The success of machine learning (ML) in many applications where large-scale data is available has led to a growing anticipation of similar accomplishments in scientific disciplines. The use of data science is particularly promising in scientific problems involving processes that are not completely understood. However, a purely data-driven approach to modeling a physical process can be problematic. For example, it can create a complex model that is neither generalizable beyond the data on which it was trained nor physically interpretable. This problem becomes worse when there is not enough training data, which is quite common in science and engineering domains. A machine learning model that is grounded by explainable theories stands a better chance at safeguarding against learning spurious patterns from the data that lead to non-generalizable performance. This is especially important when dealing with problems that are critical and associated with high risks (e.g., extreme weather or collapse of an ecosystem). Hence, neither an ML-only nor a scientific knowledge-only approach can be considered sufficient for knowledge discovery in complex scientific and engineering applications. This project is developing novel techniques to explore the continuum between knowledge-based and ML models, where both scientific knowledge and data are integrated synergistically. Such integrated methods have the potential for accelerating discovery in a range of scientific and engineering disciplines. This project will train interdisciplinary scientists who are well versed in such methods and will disseminate results of the project via peer-reviewed publications, open-source software, and a series of workshops to engage the broader scientific community.
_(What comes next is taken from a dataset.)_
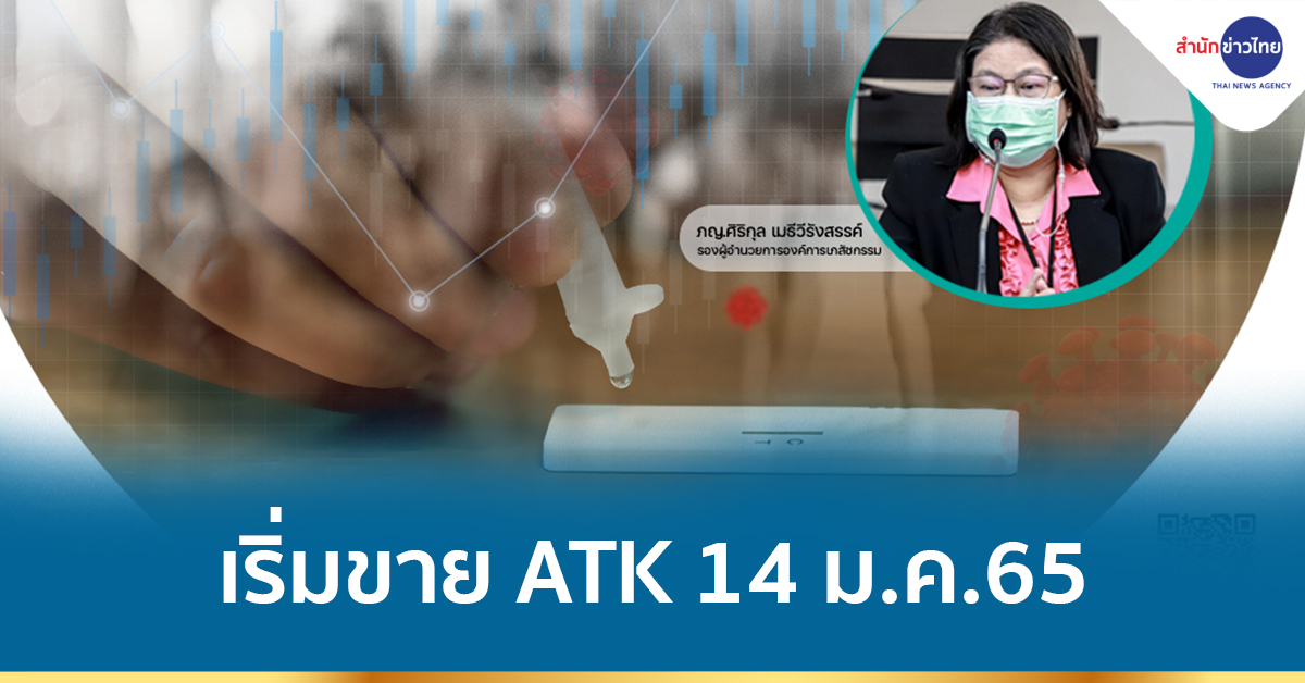 กทม. 11 ม.ค.- องค์การเภสัชกรรม จำหน่ายชุดตรวจ ATK โครงการ “ATK คุณภาพ เพื่อสังคมไทย” ราคา 35 บาทต่อชุด เริ่มจำหน่ายวันที่ 14 ม.ค.65

This project aims to develop a framework that uses the unique capability of data science models to automatically learn patterns and models from data, without ignoring the treasure of accumulated scientific knowledge. Specifically, the project builds the foundations of knowledge-guided machine learning (KGML) by exploring several ways of bringing scientific knowledge and machine learning models together using pilot applications from four domains: aquatic ecodynamics, climate and weather, hydrology, and translational biology. These pilot applications were selected because they are at tipping points where knowledge-guided machine learning can have a transformative effect. KGML has the potential for providing scientists and engineers with new insights into their domains of interest and will require the development of innovative new machine learning approaches and architectures that can incorporate scientific principles. Scientific knowledge, KGML methods, and software developed in this project could potentially be extended to a wide range of scientific applications where mechanistic (also known as process-based) models are used.
This project is part of the National Science Foundation's Harnessing the Data Revolution (HDR) Big Idea activity.
This award reflects NSF's statutory mission and has been deemed worthy of support through evaluation using the Foundation's intellectual merit and broader impacts review criteria.